Сумирэ постукивала ногтями по передним зубам — цок-цок-цок, словно каблучки по ночной пустынной улице. Задумываясь о чем-то, она так делала часто — одна из нескольких ее дурных привычек.
— Честно говоря, у меня таких сомнений раньше вовсе не было. Ну, конечно, я не настолько наивная дурочка, чтобы всегда быть уверенной в себе или собственном таланте. Хорошо понимаю: да, я еще не вполне сложившаяся, сырая личность и при том своенравная. Но чтобы когда-нибудь сомневаться в том деле, которое выбрала, — такого не помню. Я верила, что, в общем-то, двигаюсь правильно, пусть даже иногда и сбиваюсь с пути.
— Просто тебе раньше везло, — сказал я. — Только и всего. Это как долгий дождь сразу после посадки риса.
— Да, наверно.
— Однако в последнее время уже все не так.

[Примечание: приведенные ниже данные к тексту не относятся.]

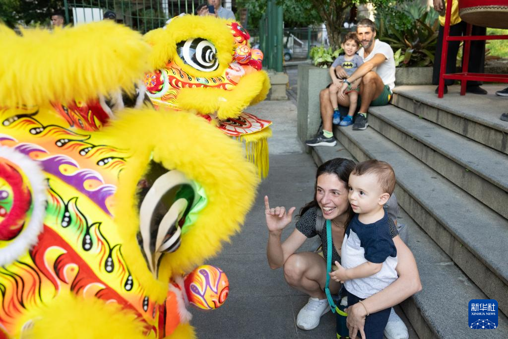 4月21日,在巴西里约热内卢,一名女子带着孩子观看舞狮表演。
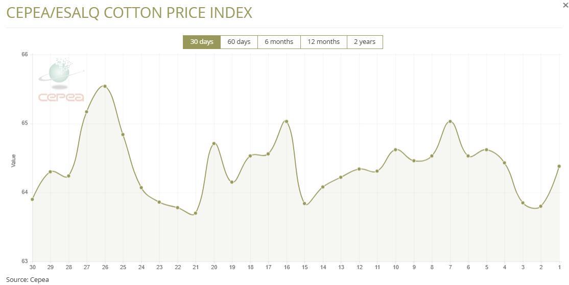 11月25日(周二),巴西CEPEA/ESALQ棉花价格指数报64.38美分/磅,较前一交易日下跌0.91%,较上月同期下降0.28%。
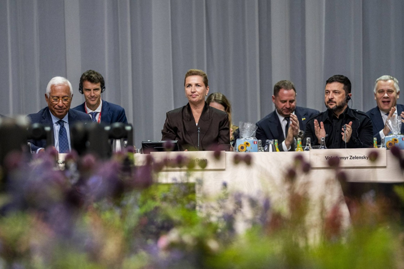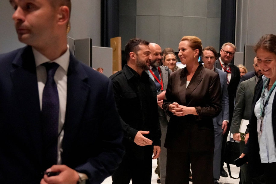 زيلينسكي مع رئيسة وزراء الدنمارك محاطة بمجموعة من قادة المجموعة السياسية (أ.ف.ب)

— Да. В последнее время уже все не так. Временами на меня находит такое чувство, будто все, что я делала до сих пор, было неправильно, и мне страшно. Будто кругом — ночь, мне снится яркий сон, я вдруг просыпаюсь и какое-то время никак не могу понять, где же настоящая реальность. Вот такое чувство у меня сейчас. Понимаешь, о чем я?

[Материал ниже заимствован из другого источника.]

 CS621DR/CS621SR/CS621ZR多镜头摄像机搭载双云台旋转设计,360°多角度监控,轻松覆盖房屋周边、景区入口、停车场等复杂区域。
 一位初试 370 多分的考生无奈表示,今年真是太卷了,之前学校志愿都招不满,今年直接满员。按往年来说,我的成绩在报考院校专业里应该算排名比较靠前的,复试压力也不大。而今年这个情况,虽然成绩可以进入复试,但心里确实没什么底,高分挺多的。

— Думаю, что да, — ответил я.
— Наверно, никакого романа я уже не напишу. Последнее время часто об этом думаю. Что я такое? Всего лишь тупая девчонка, ничего не знающая о жизни. Такие вокруг кишмя кишат. К тому же — зацикленная на собственной персоне и мечтающая о чем-то несбыточным. Вот что я такое. Нужно скорее захлопнуть крышку рояля и уйти со сцены. Пока не поздно.

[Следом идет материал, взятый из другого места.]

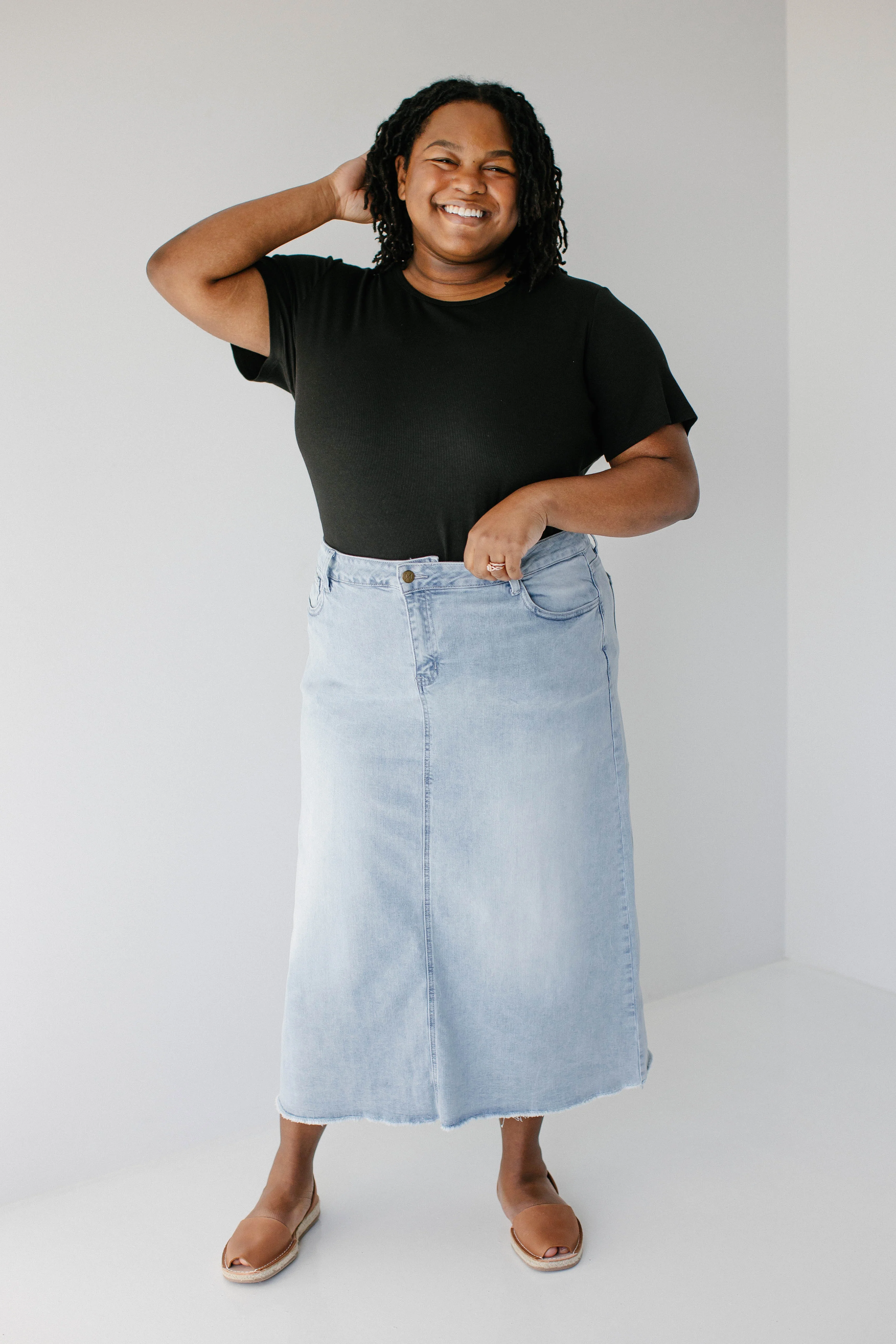 Your new go-to denim skirt is here! The 'Laura' is an essential light wash denim midi skirt that completes any outfit. The skirt is a petite length, making it perfect for the women that are not as tall. The denim is soft, comfortable, and has a bit of stretch! Transition this piece into any season of the year, the styling options are endless! Perfect for everyday wear, a walk in the park, running errands, or elevated for church! Exclusively designed with you in mind.

— Захлопнуть крышку рояля?
— В переносном смысле.
Я переложил трубку из левой руки в правую.
— Видишь ли, одну вещь я точно знаю. У тебя такой уверенности нет, зато у меня есть. Когда-нибудь ты напишешь прекрасный роман. Если прочесть то, что ты уже написала, это совершенно очевидно.
— Ты в самом деле так думаешь?
— Я всем сердцем так чувствую. Правда, — сказал я. — Разве в таких вещах я могу тебя обманывать? В твоих текстах есть много прекрасных, очень выразительных мест. Например, читая твое описание морского побережья в мае, я слышу ветер, чувствую запах моря, ощущаю нежное тепло солнца на своих руках. А когда ты пишешь о маленькой прокуренной комнате, в которой висит табачный дым, я на самом деле начинаю задыхаться от нехватки кислорода. Даже глаза режет. Так писать не каждому дано. В твоих строках есть жизнь, естественное течение, внутренняя сила. Твои слова как будто сами способны дышать и двигаться. Просто у тебя сейчас еще не выходит соединить одно с другим так хорошо, чтобы из этого получилось единое целое. Но это не повод взять и захлопнуть крышку рояля.
Сумирэ молчала секунд десять-пятнадцать.
— Это ты стараешься так меня утешить, приободрить что ли?
— Я тебя не утешаю и не приободряю. То, что я говорю, — убедительный, мощный факт.
— Как река Молдау?
— Как река Молдау.
— Спасибо, — сказала Сумирэ.
— Не за что, — ответил я.
— Иногда с тобой бывает жутко приятно. Как Рождество, летние каникулы и новорожденный щенок сразу вместе.
В ответ я промямлил нечто невразумительное — так всегда, если меня хвалят.
— Меня одно только иногда беспокоит, — сказала Сумирэ. — Вот возьмешь ты и женишься на какой-нибудь вполне достойной женщине, а меня совсем забудешь. И я не смогу тебе больше звонить, когда мне в голову взбредет, посреди ночи. Ведь так?
— Захочешь поговорить — позвонишь, когда светло.
— Нет, днем звонить неправильно. Ты ни-че-го не понимаешь.
— Это ты ни-че-го не понимаешь. Большинство человечества, когда светит солнце, работает, а ночью гасит свет и ложится спать, — возмутился я. Протест мой прозвучал так, как если бы кто-то посреди тыквенного поля промурлыкал себе под нос нечто пасторальное.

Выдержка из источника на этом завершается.